Instructions to follow: Set every entry below down once more, exactly as it stands, without images.

────────────────────

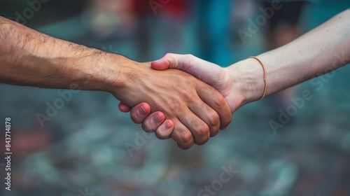 Close-up of two hands shaking, symbolizing agreement, partnership, and collaboration.
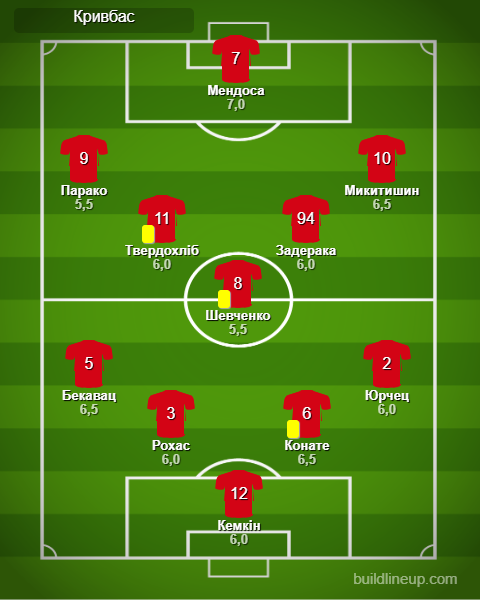 «Кривбасс»: Кемкин – Бекавац, Рохас (Виливальд, 66), Конате, Юрчец – Шевченко (Бандейра, 46) – Парако (Лин, 66), Твердохлёб, Задерака (Каменский, 80), Микитишин (Илич, 80) – Мендоса
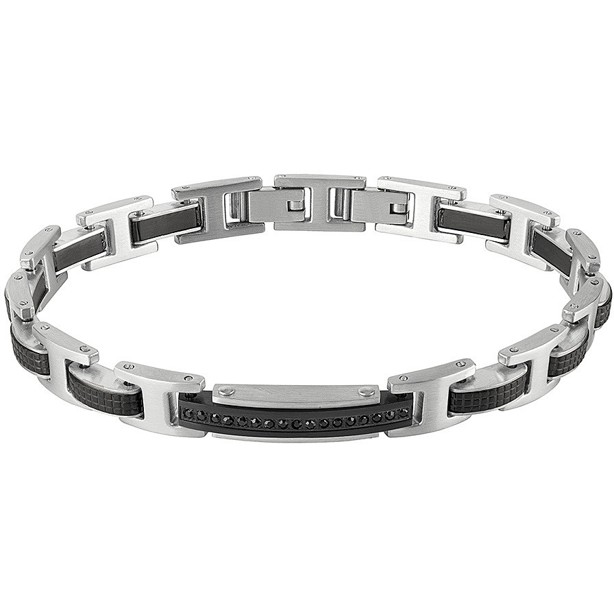 Bracciale in acciaio con elementi e zirconia di colore nero.
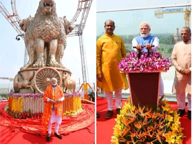 ಹೊಸದಾಗಿ ನಿರ್ಮಾಣವಾಗುತ್ತಿರುವ ಸಂಸತ್ ಭವನ ಕಟ್ಟಡದ ಛಾವಣಿಯ ಮೇಲೆ ಸ್ಥಾಪಿಸಲಾಗಿರುವ ರಾಷ್ಟ್ರೀಯ ಲಾಂಛನ ಪ್ರತಿಮೆಯನ್ನು ವಿಶೇಷ ಪೂಜೆ ಸಲ್ಲಿಸಿ ಪ್ರಧಾನಿ ನರೇಂದ್ರ ಮೋದಿ ಲೋಕಾರ್ಪಣೆ ಮಾಡಿದ್ದಾರೆ.
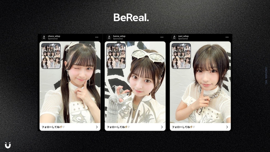 「世の中を“神ゲー”にして動かす」をミッションに掲げる、株式会社UNCHAIN(本社:東京都渋谷区、代表取締役:ウィン・レイ、以下UNCHAIN)は、2025年7月25日から8月8日に配信された、秋元康氏プロデュースの女性アイドルグループ「WHITE SCORPION」のBeReal広告のクリエイティブを制作しました。本施策は、メンバーのフォロワーを増やすことを目的に、BeReal公式アカウントを活用して行われた日本初の広告事例です。

────────────────────

Task result:
 Close-up of two hands shaking, symbolizing agreement, partnership, and collaboration.
 «Кривбасс»: Кемкин – Бекавац, Рохас (Виливальд, 66), Конате, Юрчец – Шевченко (Бандейра, 46) – Парако (Лин, 66), Твердохлёб, Задерака (Каменский, 80), Микитишин (Илич, 80) – Мендоса
 Bracciale in acciaio con elementi e zirconia di colore nero.
 ಹೊಸದಾಗಿ ನಿರ್ಮಾಣವಾಗುತ್ತಿರುವ ಸಂಸತ್ ಭವನ ಕಟ್ಟಡದ ಛಾವಣಿಯ ಮೇಲೆ ಸ್ಥಾಪಿಸಲಾಗಿರುವ ರಾಷ್ಟ್ರೀಯ ಲಾಂಛನ ಪ್ರತಿಮೆಯನ್ನು ವಿಶೇಷ ಪೂಜೆ ಸಲ್ಲಿಸಿ ಪ್ರಧಾನಿ ನರೇಂದ್ರ ಮೋದಿ ಲೋಕಾರ್ಪಣೆ ಮಾಡಿದ್ದಾರೆ.
 「世の中を“神ゲー”にして動かす」をミッションに掲げる、株式会社UNCHAIN(本社:東京都渋谷区、代表取締役:ウィン・レイ、以下UNCHAIN)は、2025年7月25日から8月8日に配信された、秋元康氏プロデュースの女性アイドルグループ「WHITE SCORPION」のBeReal広告のクリエイティブを制作しました。本施策は、メンバーのフォロワーを増やすことを目的に、BeReal公式アカウントを活用して行われた日本初の広告事例です。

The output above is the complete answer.